C'est ce que je me disais en lisant, ça ferait une bonne pièce de théatre de merde, ou une pièce pas mauvaise de théatre absurde au choix, de toutes façon c'est la même chose.
Je dirais que c'est plastiquement pas ininteressant, dans le sens ou les images qui se développent dans ce texte sont bien foutues même si ça manque d'originalité. Mais au delà de ça, c'est un peu pète-burne. Si il y a une quelconque forme de message je ne l'ai pas compris, surtout au regard de la fin. Et si il n'y a pas de message particulier, je trouve ça encore plus chiant, parce qu'un e scène comme ça gratuite, je trouve ça un peu dommage.
Voilà, on pourra pas dire que je commente pas.
T'as plus qu'à écrire des textes et tu passeras admin
J'ai trouvé ça génial, et ça faisait longtemps que j'avais pas trouvé un texte génial. Que ce soit simple et sans prétention, c'est un fait, et c'est une putain de qualité en littérature. Par contre c'est pétri de références bien assimilées et simplement sous-jacentes, pas portées en étendard (sauf le "Livingston, je suppose" de la fin qui fait un peu clin d'oeil, et j'aime moins du coup). Les images et l'ambiance me faisaient penser coup sur coup à Dali (le sol mou), à Michaux (le mécanisme du corps et la clarté de la dissection, même joyeuse), à Beckett, à plein de trucs.
Le style, au départ, m'a semblé un peu plat - les trois premiers paragraphes. Après ça, tout prend comme de petits engrenages, phrase après phrase, les mots les uns dans les autres, et ça devient admirable. J'ai vraiment pris mon pied à lire cette page.
Et je n'ai pas réussi à deviner ce qu'on allait me servir au bout ; ça aussi, c'est rare.
Hourra, bordel.
Tiens, est-ce qu'on a lu le même texte ? Moi j'ai vu une gonzesse qui faisait un strip intégral de chez intégral, tripes incluses, genre un peu comme un concept évident auquel on a tous pensé un jour mais qu'on a tous écarté tellement le texte débilocon était inévitable.
Sauf qu'il y a texte évident mais mené de main de maître et texte évident et mené de main d'El Def.

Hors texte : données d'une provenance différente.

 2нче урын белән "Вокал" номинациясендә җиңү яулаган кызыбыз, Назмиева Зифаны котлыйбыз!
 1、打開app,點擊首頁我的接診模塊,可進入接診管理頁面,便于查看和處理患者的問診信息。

Ici, le petit passage maniaque sur les habits et leur pliage, la structure bien découpée et bien sèche des phrases lorsqu'elle dépose ses organes, qui suit le mouvement justement, le fait que rien ne dépasse, que le texte n'est gonflé en rien, ça me fait dire que c'est du côté du texte sur un sujet peut-être évident, mais super bien mené.
L'idée de fin du monde, c'était aussi de la grosse connerie à laquelle tout le monde avait pensé. C'est pas pour autant que l'Apocalypse, c'est de la merde.

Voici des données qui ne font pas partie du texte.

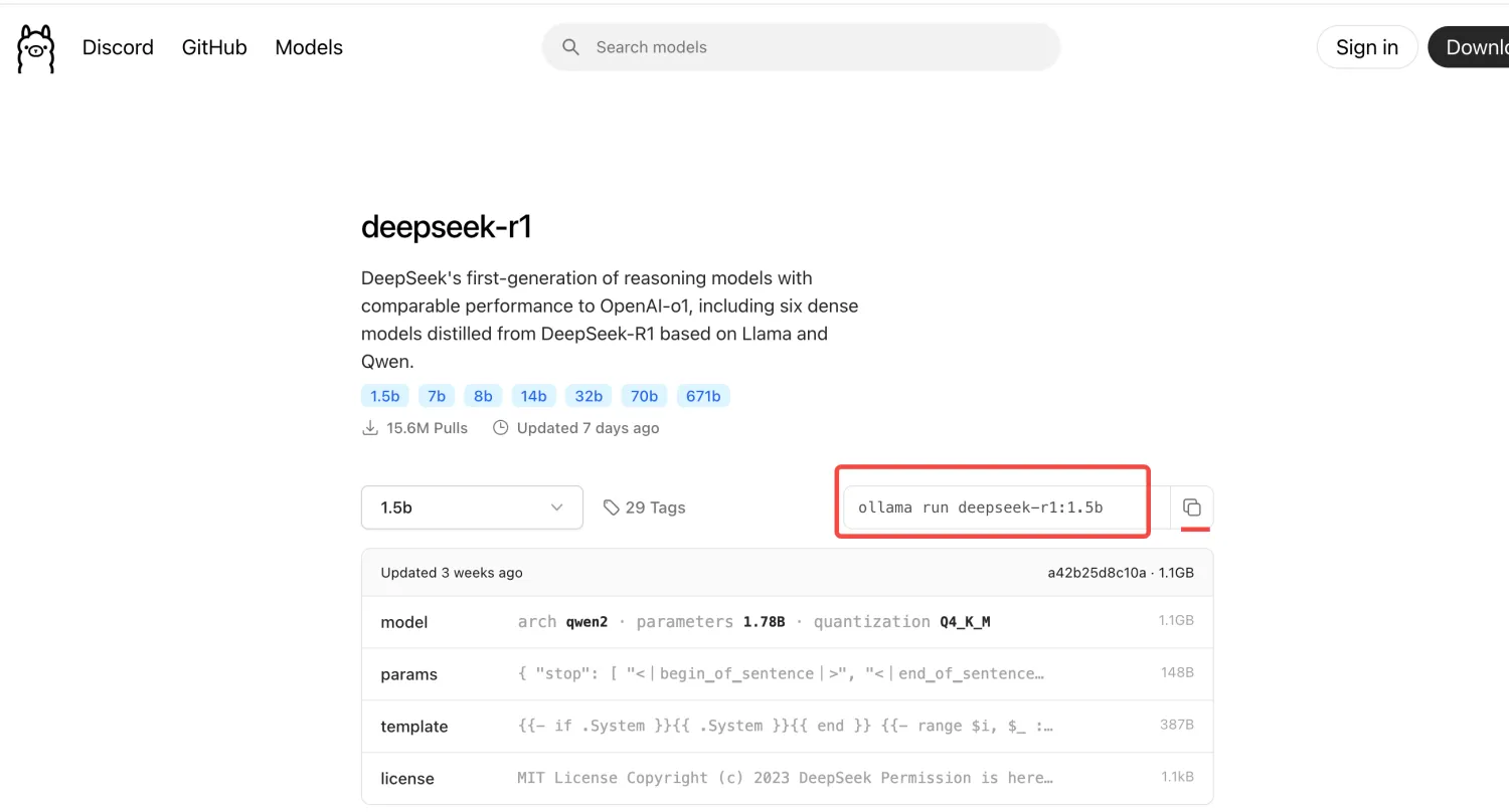 1.在https://ollama.com/library/deepseek-r1:1.5b 搜索deepseek-R1,跳转到下面的页面,复制这个命令,在终端执行,下载模型

Ceci dit c'est pas encore l'Apocalypse, là, certes. Mais ça viendra.
La dame elle va exploser ?
C'est un putain d'OVNI, ou c'est complètement con ?

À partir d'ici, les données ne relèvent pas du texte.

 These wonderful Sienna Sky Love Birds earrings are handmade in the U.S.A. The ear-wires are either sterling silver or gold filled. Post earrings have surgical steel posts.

Ame et réincarnation, étrange inquiètude des corps mutilés, lieux intemporel et absurde ... c'est surréel pour ne pas dire, pas très original mais sympa ... a encourager !
J'ai aimé le passage où j'ai cru que le personnage était obsessionnel compulsif.
Difficile de le commenter je ne l'ai trouvé ni con, ni génial. Original mais froid
Megaplump, t'es de l'Education Nationale, pour sortir des conneries du type "à encourager" ?
Ou du guide Michelin.
Ou du conseil des Jedis.
Oh bah si on peut plus être con 5 min alors sans que ça ne declenche des passions, en plus j'étais quand même sincère ...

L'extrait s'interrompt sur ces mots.